McCarty sees the cyclical mother nature of difficult situations and fantastic as one of the consider-house messages from Emergence: 1st Flight.
“The tough situations come, and then we go through them and we understand. And then oftentimes we expect it to be, that is it,” she suggests. “We’ve manufactured it by and now we’re far better. But it tends to cycle close to and all over. But it is vital to recall that, of course, the tricky moments cycle, but the good moments cycle, too, so continue to keep likely. Hold a heading.”
“I want not only women of all ages, but everybody, to know that I definitely hope they are getting form to them selves,” claims Nakajima of Made in The us. “I hope they have compassion for themselves, much too, that I realized in The usa.”
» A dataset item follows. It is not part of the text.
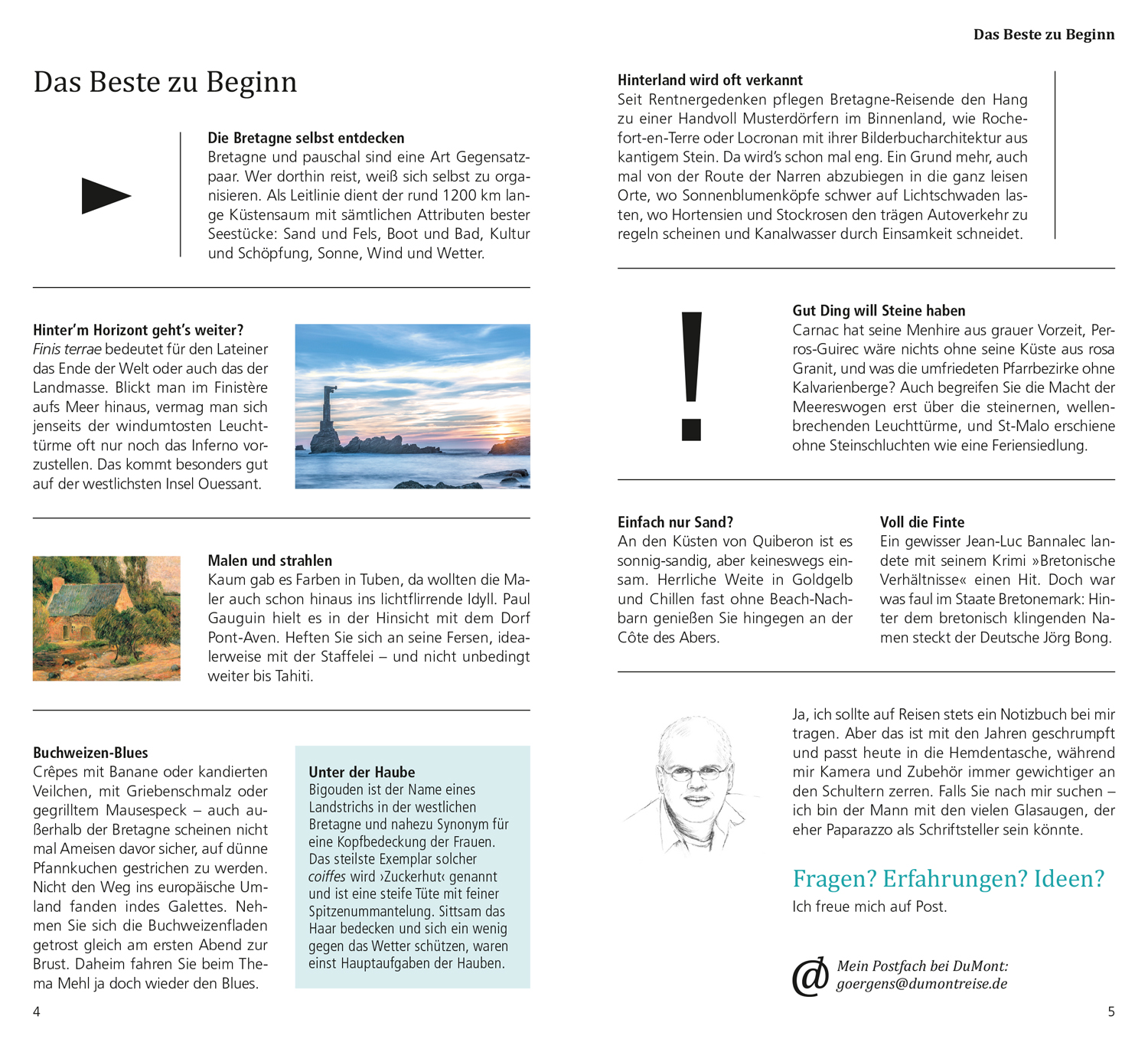 Das Beste zu Beginn. Das ist die Bretagne. Die Bretagne in Zahlen. So schmeckt die Bretagne. Ihr Bretagne-Kompass: Rennes und sein Hinterland, die Südküste, der äußerste Westen und die Nordküste. Hin & Weg. O-Ton Bretagne. Kennen Sie die?

“The equipment you learn there, you leave with,” Migel states of everyone who will come to NAMBA this weekend. “To discover how to convey creative imagination, to master how to express anger, to study how to procedure men and women that harmed you when you have been vulnerable — all of these points are so valuable that we experience like we are bringing something so inspiring to the people of Ventura. … If you’re sensible, you understand from what they’ve acquired, and you choose that with you permanently.”
The Women’s Voices Competition normally takes put July 9-10 at NAMBA Performing Arts Room, 47 S. Oak St., Ventura, 805-628-9250, http://www.nambaarts.com.
Much more facts on the playwrights at queenoffishtown.com, www.terukonakajima.com and www.jennawm.com.